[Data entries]
- - -

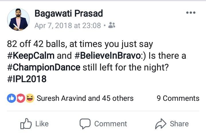 But, deep down in my heart, most CSK fans and I had this feeling of ‘just CSK things’ still left in the game. Despite preparing myself for a Mumbai win for my organisation’s desk, I went on to post: “#KeepCalm and #BeliveInBravo. Is there a #ChampionDance still left for the night?”
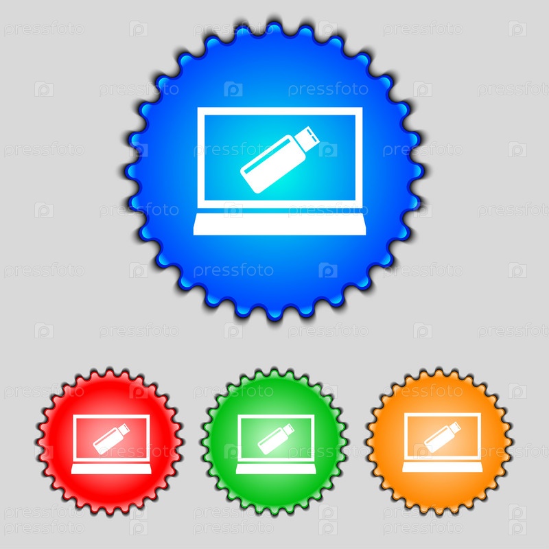 Флэш-накопитель USB и монитор значок символа. Символ видеоигры. Красочные кнопки установки. Вектор
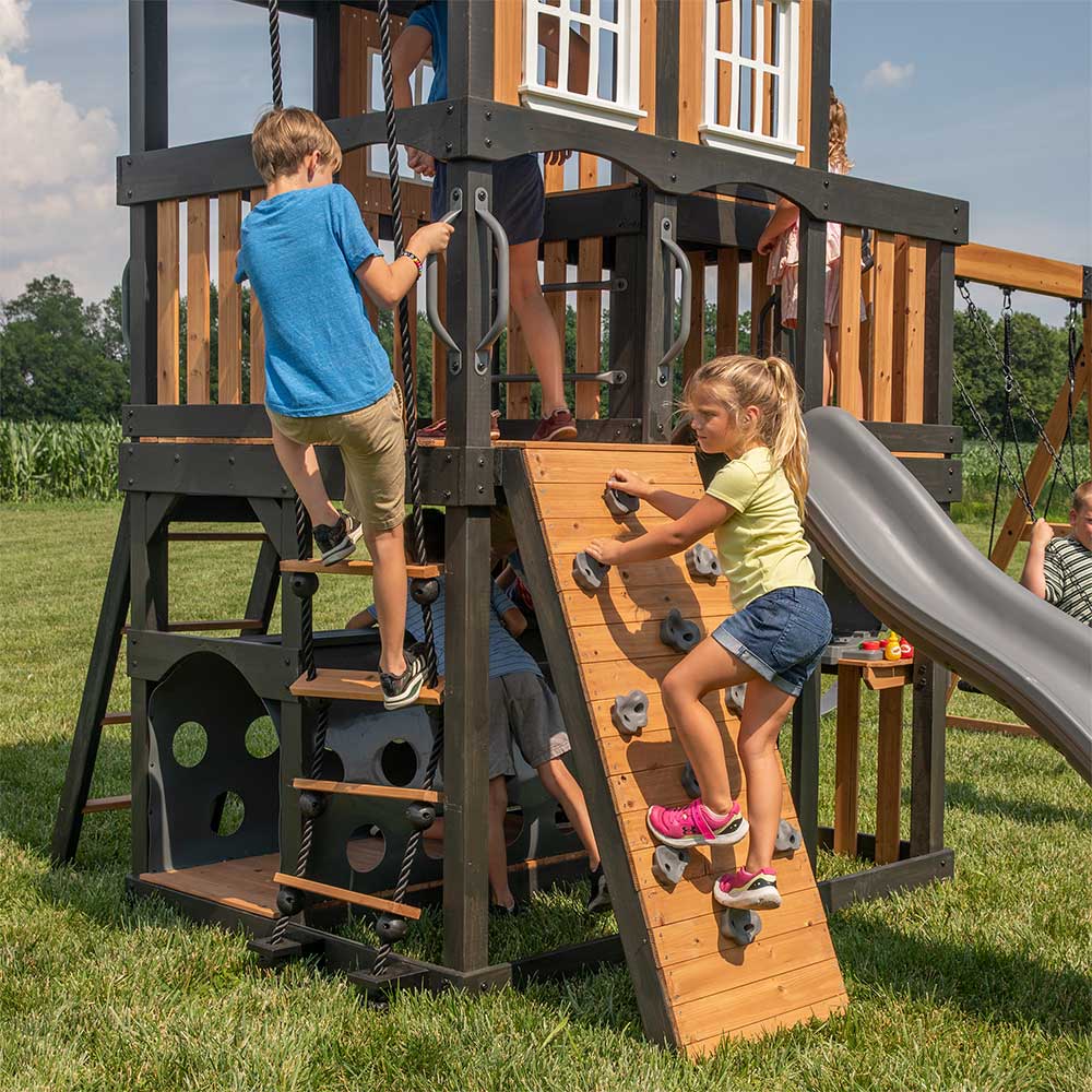 • Rock Climbing Wall: Adventurous rock wall with 10 holds encourages playful climbing challenges and skill-building
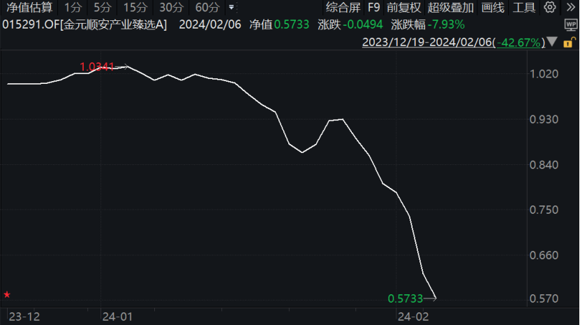 如此不忍卒视的净值曲线发生在了一只成立仅50天的新基金上。截至2月6日,曾被基民们赋予高期待值的新基金——金元顺安产业臻选净值已仅剩0.5733元。近7个交易日,该产品回撤达38.38%,年内回撤则有43.82%。该产品由金元顺安基金总经理助理、投资总监闵杭和刚晋升百亿基金经理的周博洋共同管理。其中,周博洋执掌的金元顺安优质精选曾被业内评价为“神基”——金元顺安元启的“平替”产品,在过去一年规模增长近38亿元。
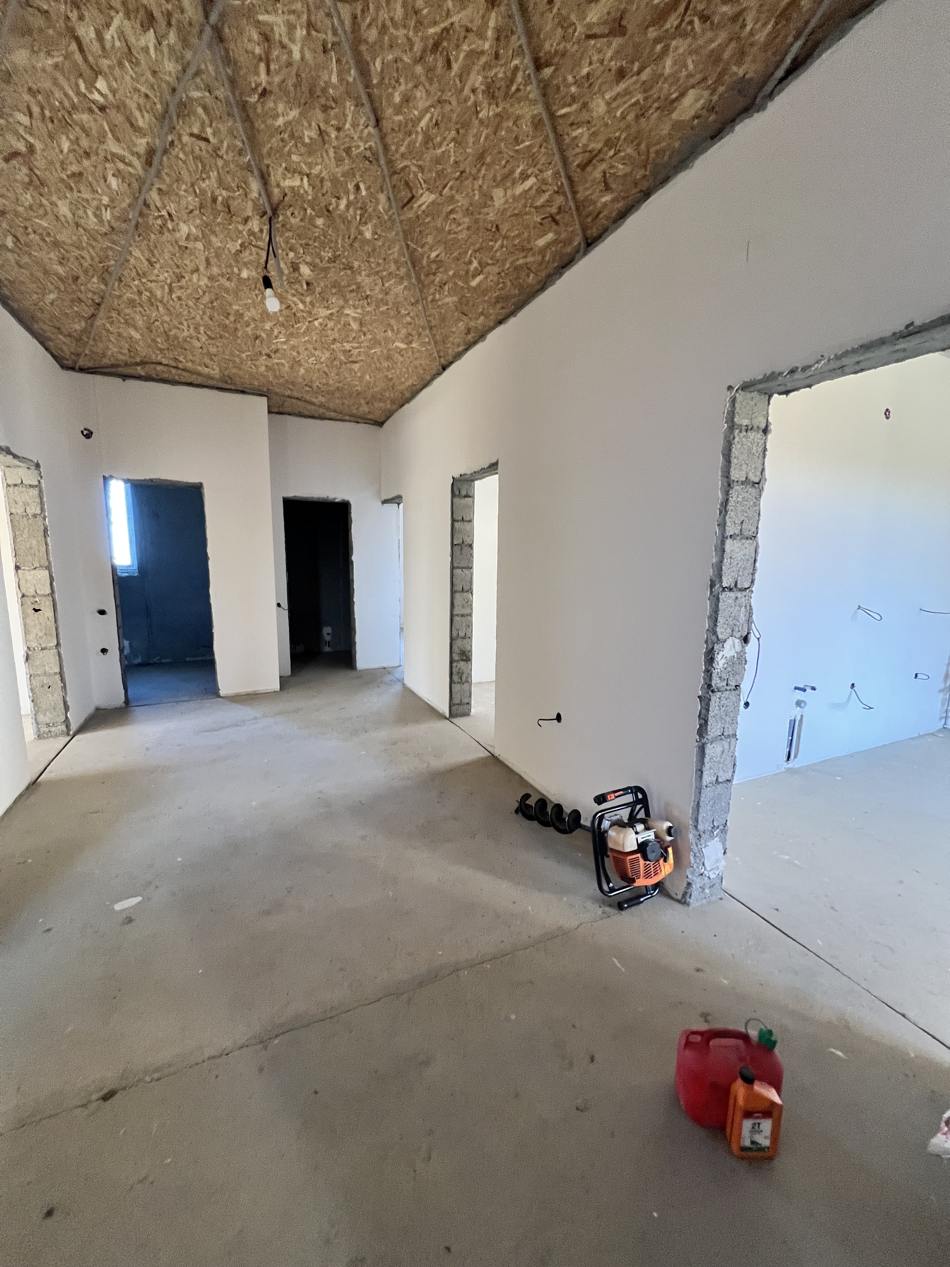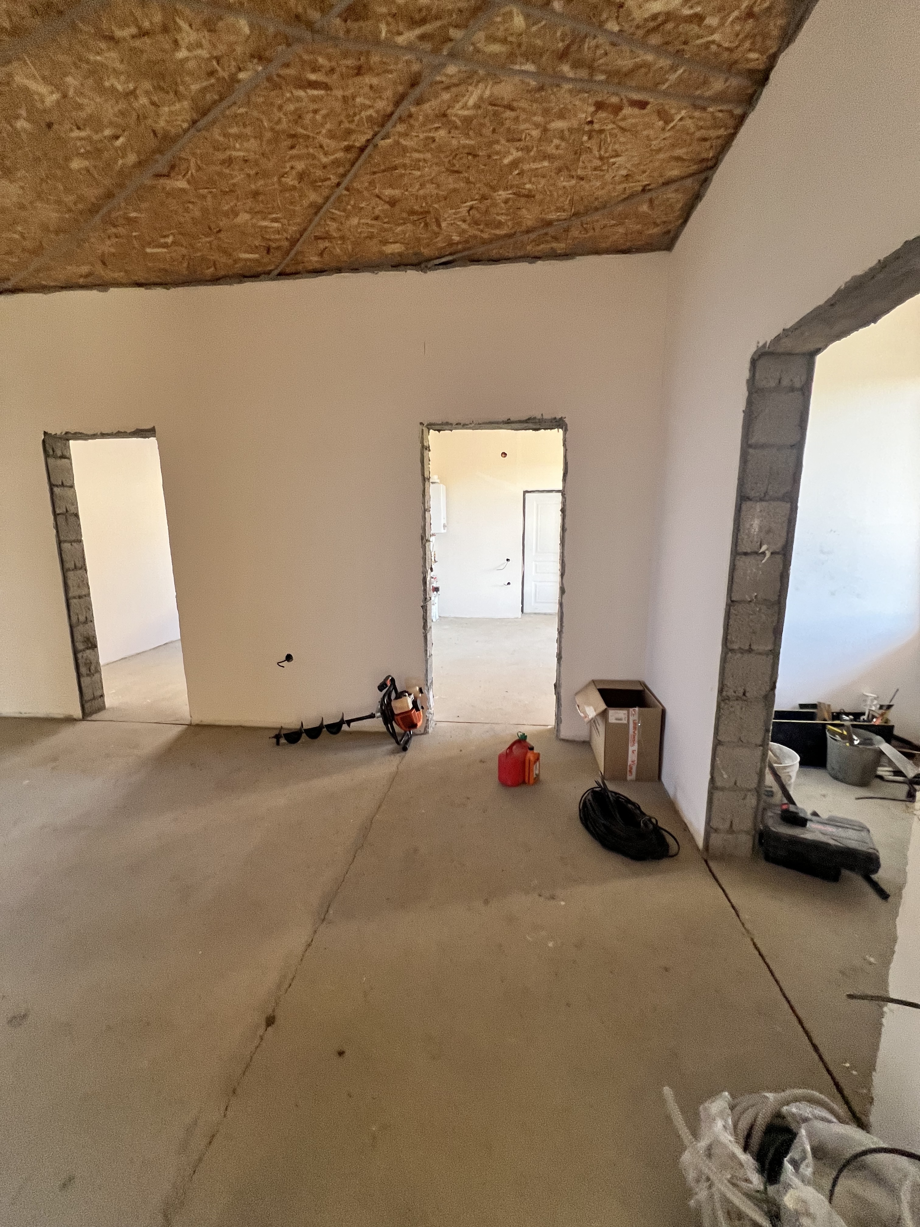 -Дом предложен с пред чистовыми работами :Разводка электрики и отопления, теплые полы , котел радиаторы ,штукатурка , стяжка.
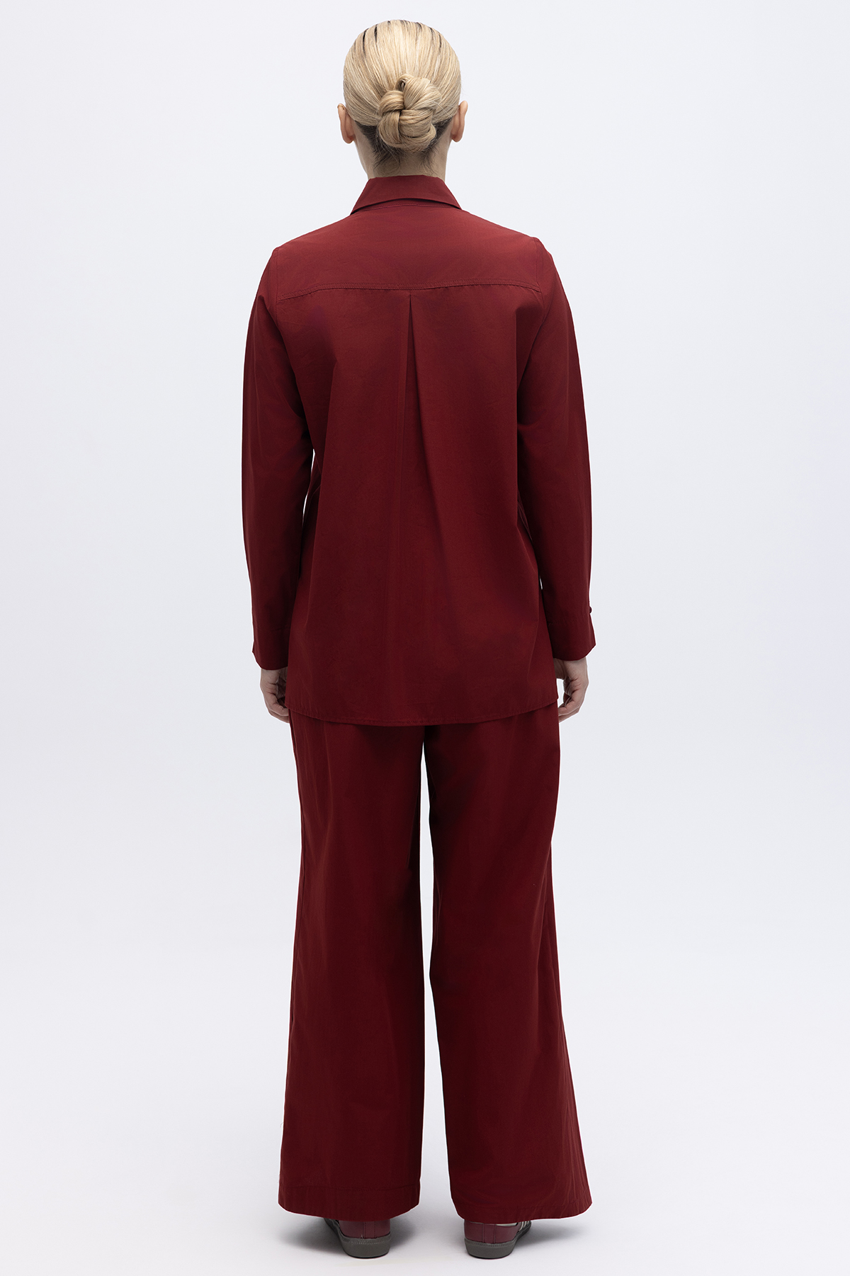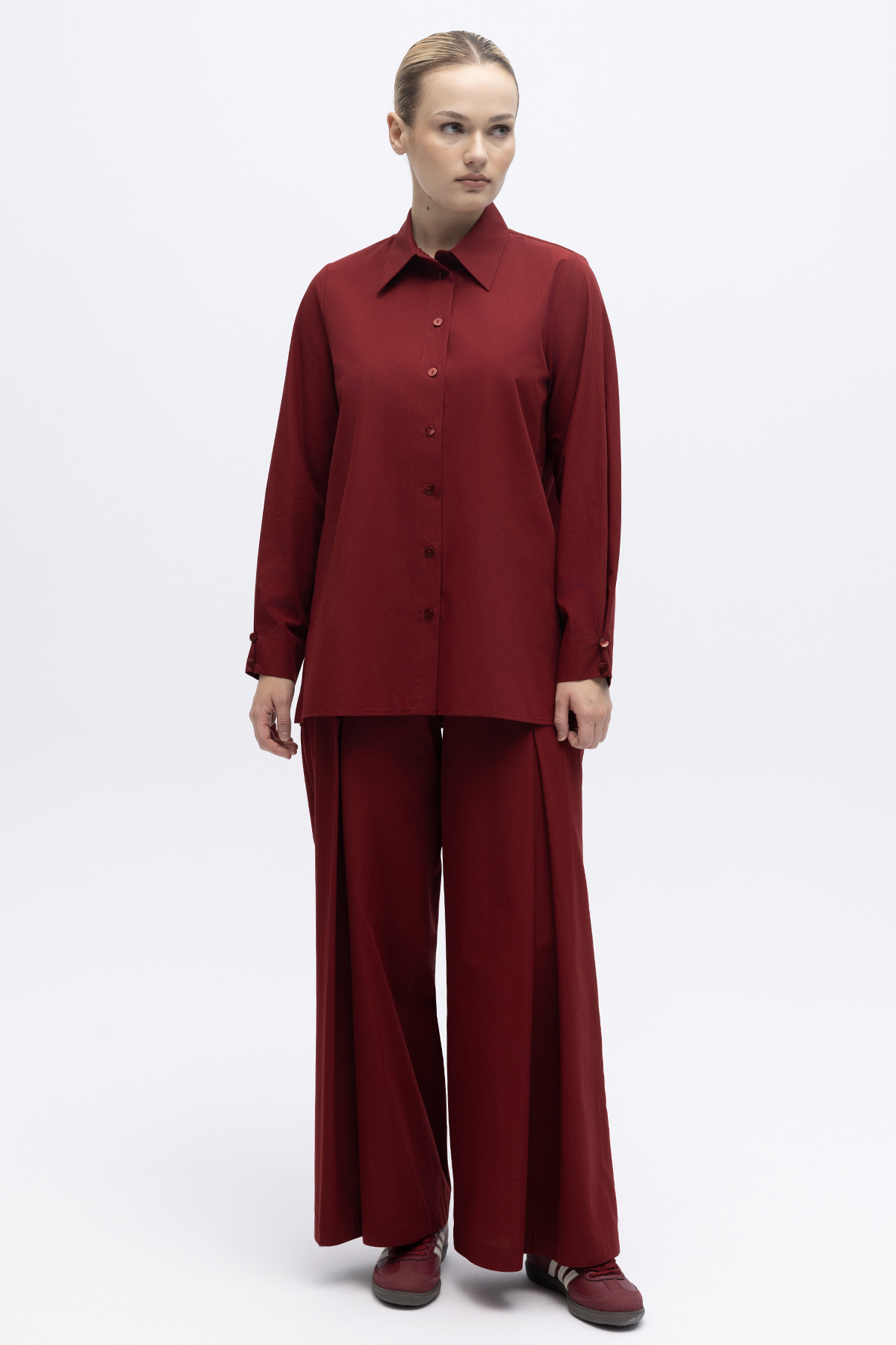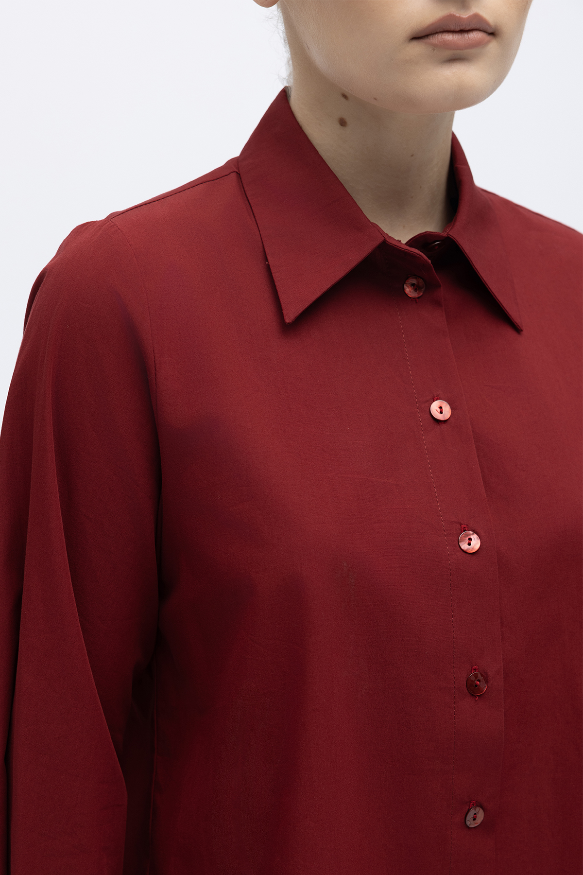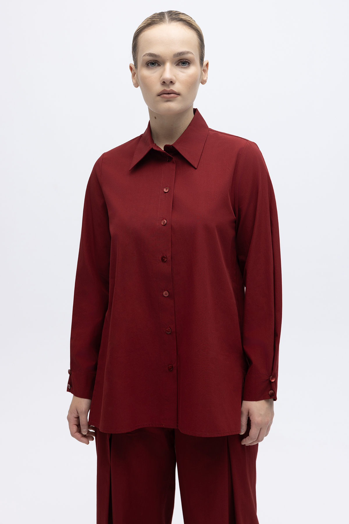Düz Kesim Keten Gömlek Cherry

- - -

*Exercise requirements*. Without including any picture, retype the entries exactly.

*Output of the exercise*.
 But, deep down in my heart, most CSK fans and I had this feeling of ‘just CSK things’ still left in the game. Despite preparing myself for a Mumbai win for my organisation’s desk, I went on to post: “#KeepCalm and #BeliveInBravo. Is there a #ChampionDance still left for the night?”
 Флэш-накопитель USB и монитор значок символа. Символ видеоигры. Красочные кнопки установки. Вектор
 • Rock Climbing Wall: Adventurous rock wall with 10 holds encourages playful climbing challenges and skill-building
 如此不忍卒视的净值曲线发生在了一只成立仅50天的新基金上。截至2月6日,曾被基民们赋予高期待值的新基金——金元顺安产业臻选净值已仅剩0.5733元。近7个交易日,该产品回撤达38.38%,年内回撤则有43.82%。该产品由金元顺安基金总经理助理、投资总监闵杭和刚晋升百亿基金经理的周博洋共同管理。其中,周博洋执掌的金元顺安优质精选曾被业内评价为“神基”——金元顺安元启的“平替”产品,在过去一年规模增长近38亿元。
 -Дом предложен с пред чистовыми работами :Разводка электрики и отопления, теплые полы , котел радиаторы ,штукатурка , стяжка.
Düz Kesim Keten Gömlek Cherry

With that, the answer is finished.